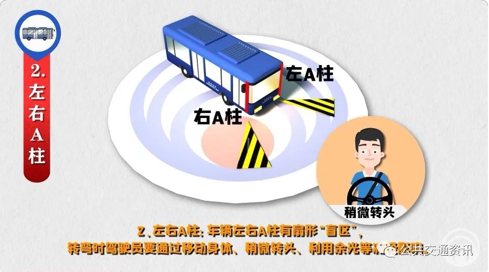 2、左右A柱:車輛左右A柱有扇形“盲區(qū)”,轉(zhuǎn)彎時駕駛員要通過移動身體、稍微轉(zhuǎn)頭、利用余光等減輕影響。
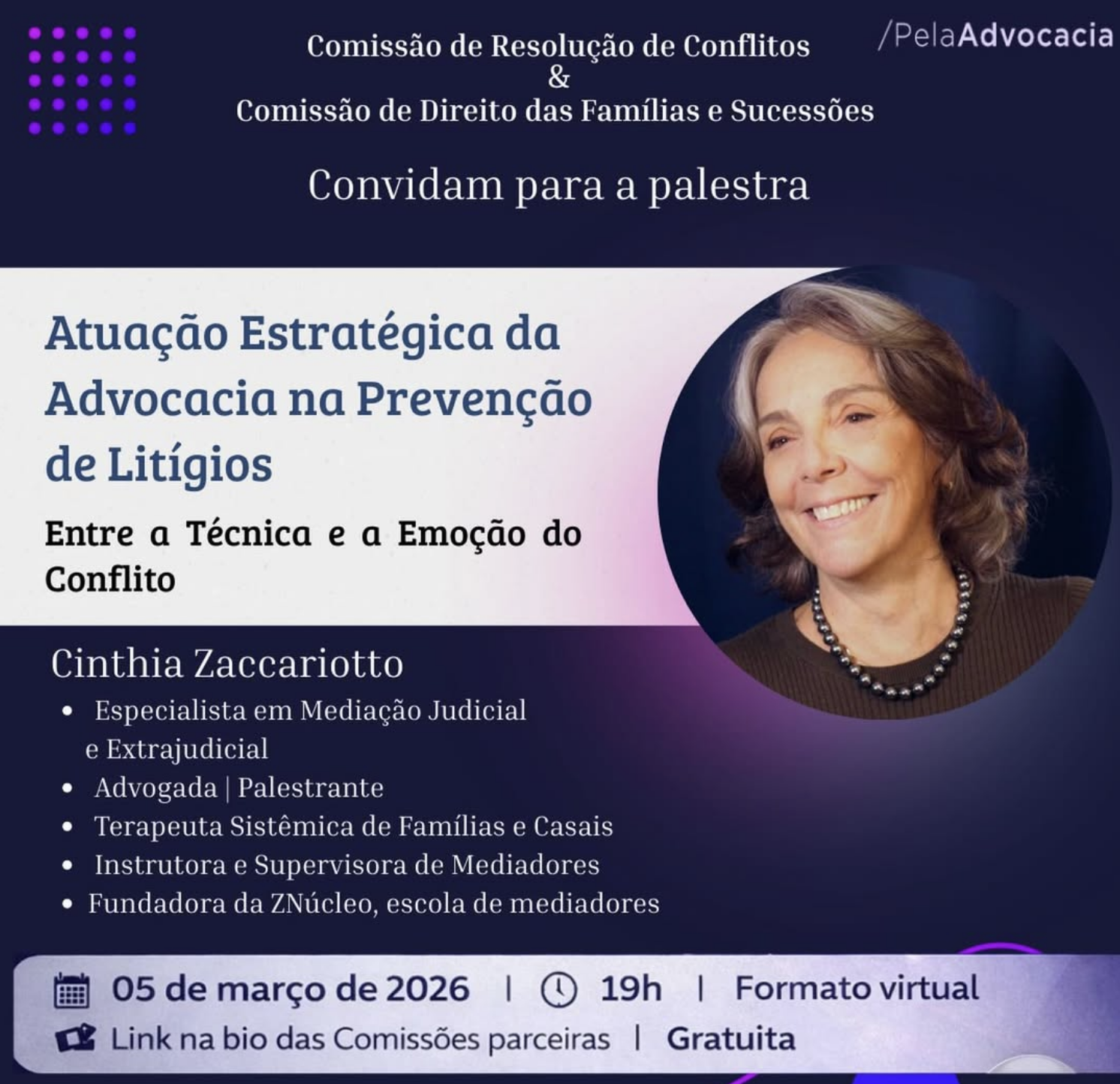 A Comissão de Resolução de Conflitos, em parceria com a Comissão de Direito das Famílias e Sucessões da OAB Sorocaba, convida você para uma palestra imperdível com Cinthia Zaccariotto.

★ ★ ★ ★

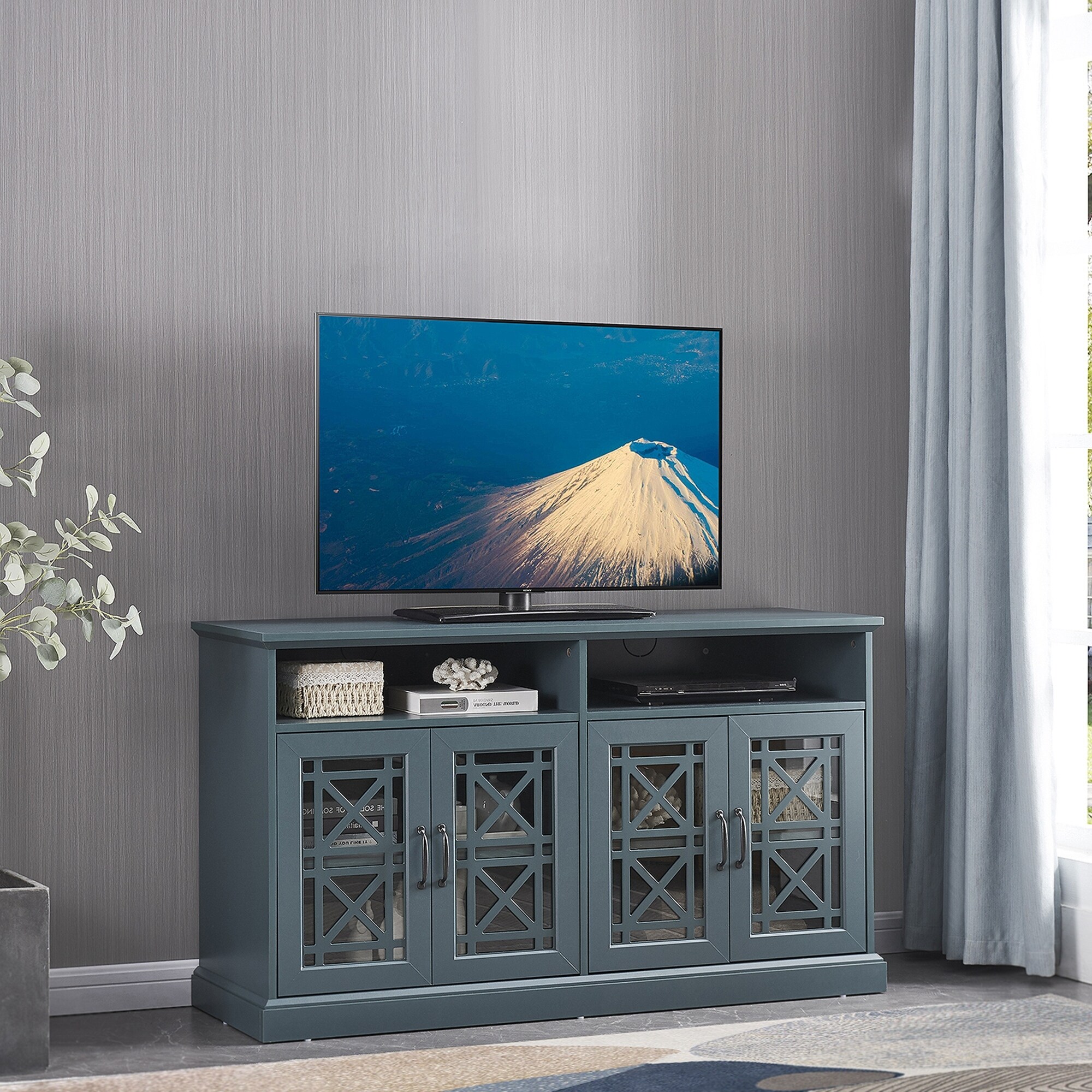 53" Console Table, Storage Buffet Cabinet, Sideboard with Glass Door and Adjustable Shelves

★ ★ ★ ★

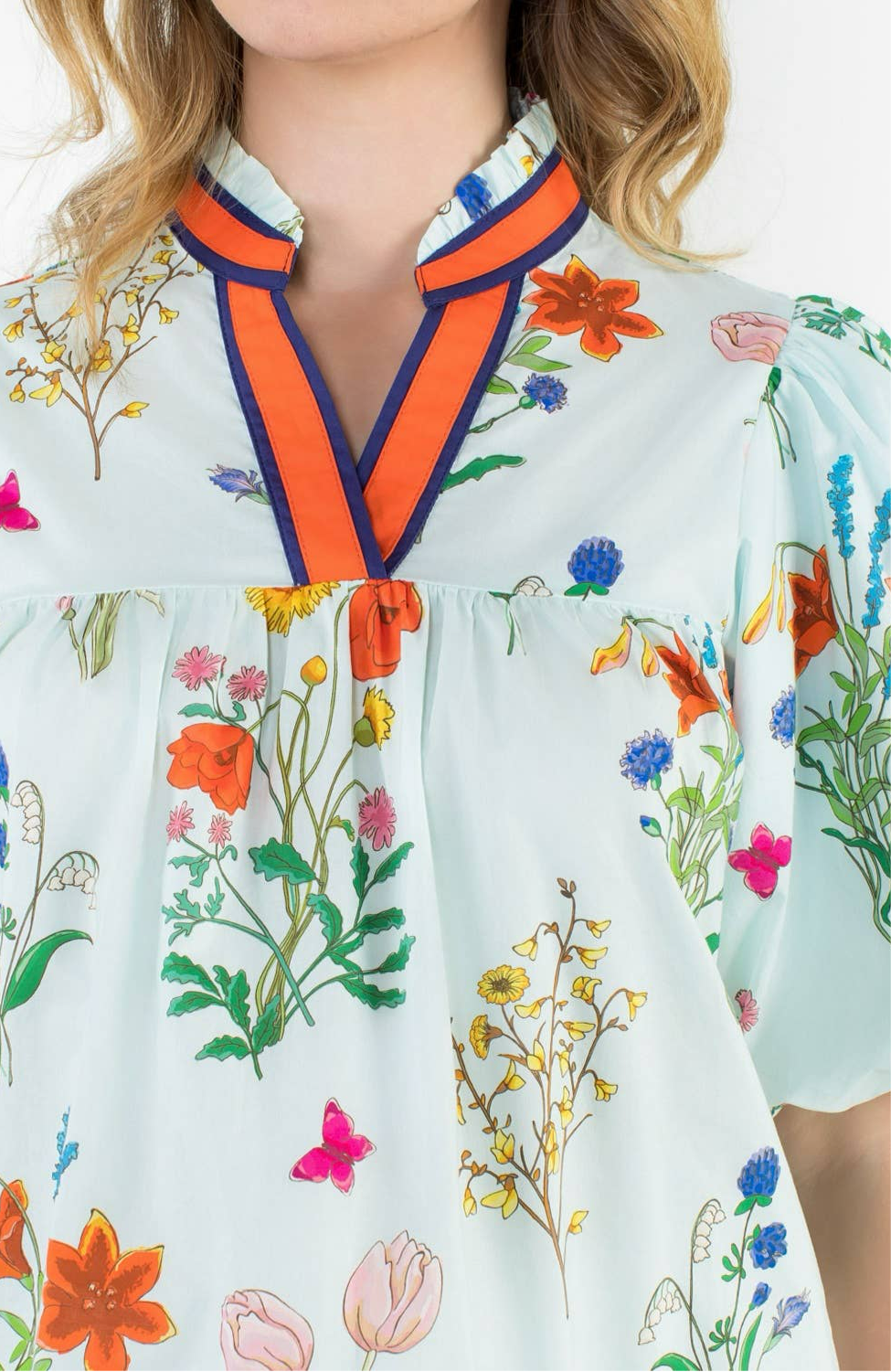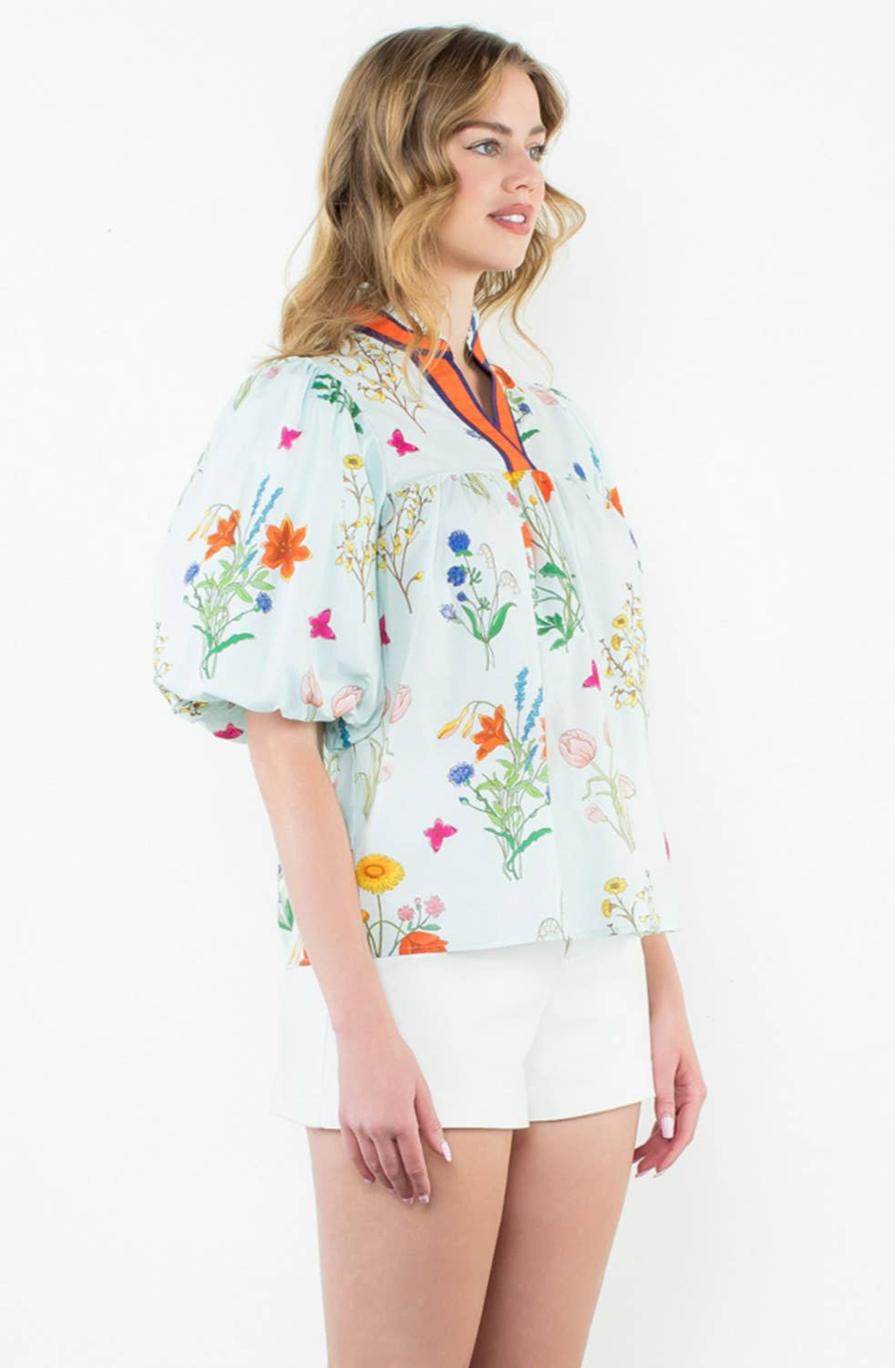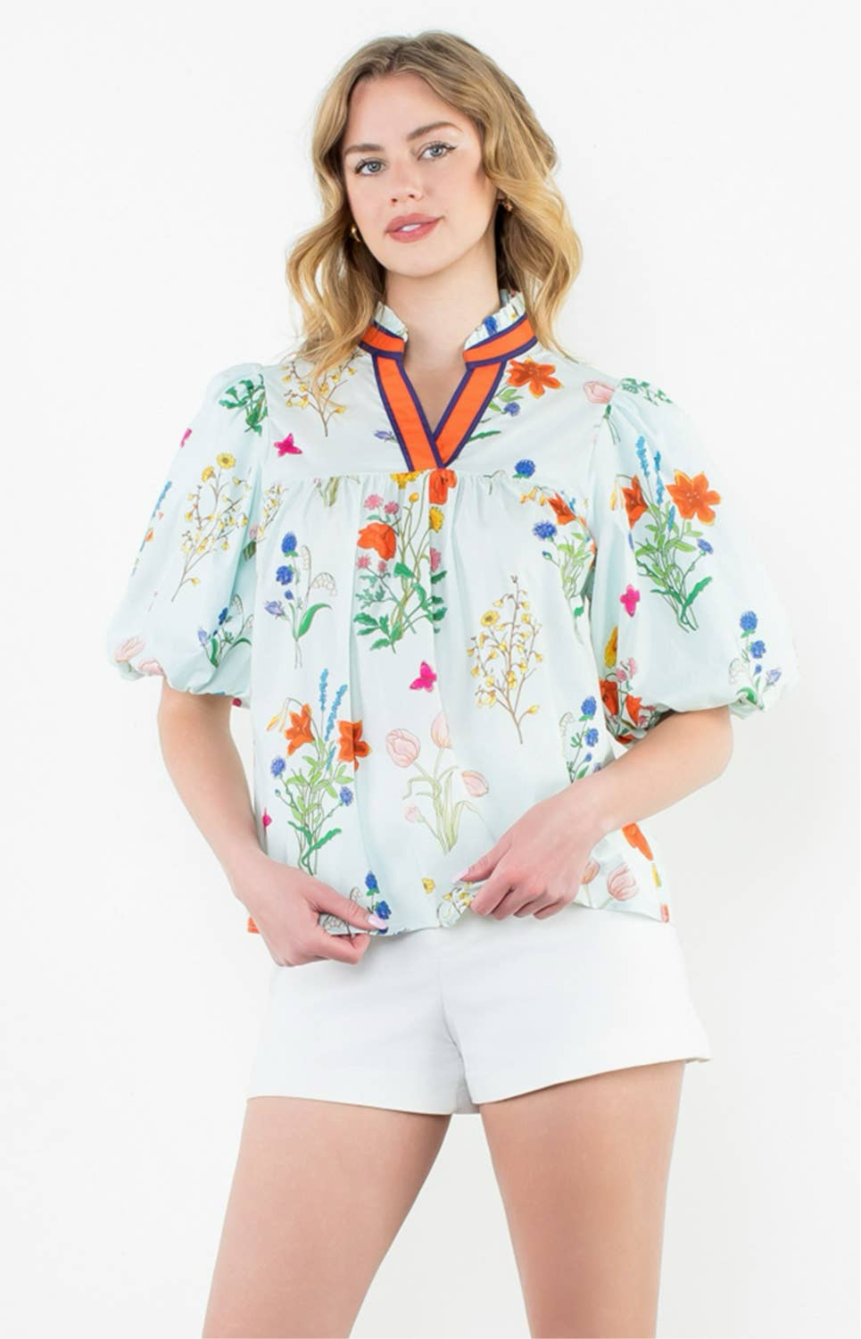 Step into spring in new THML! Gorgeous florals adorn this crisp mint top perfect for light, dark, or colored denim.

★ ★ ★ ★

* TASK GOAL
Leaving every picture aside, reproduce exactly the lines above from the one with "2、左右A柱:車輛左右A柱有" up to and including the one with "A Comissão de Resolução", and no others.

* WRITTEN ANSWER
 2、左右A柱:車輛左右A柱有扇形“盲區(qū)”,轉(zhuǎn)彎時駕駛員要通過移動身體、稍微轉(zhuǎn)頭、利用余光等減輕影響。
 A Comissão de Resolução de Conflitos, em parceria com a Comissão de Direito das Famílias e Sucessões da OAB Sorocaba, convida você para uma palestra imperdível com Cinthia Zaccariotto.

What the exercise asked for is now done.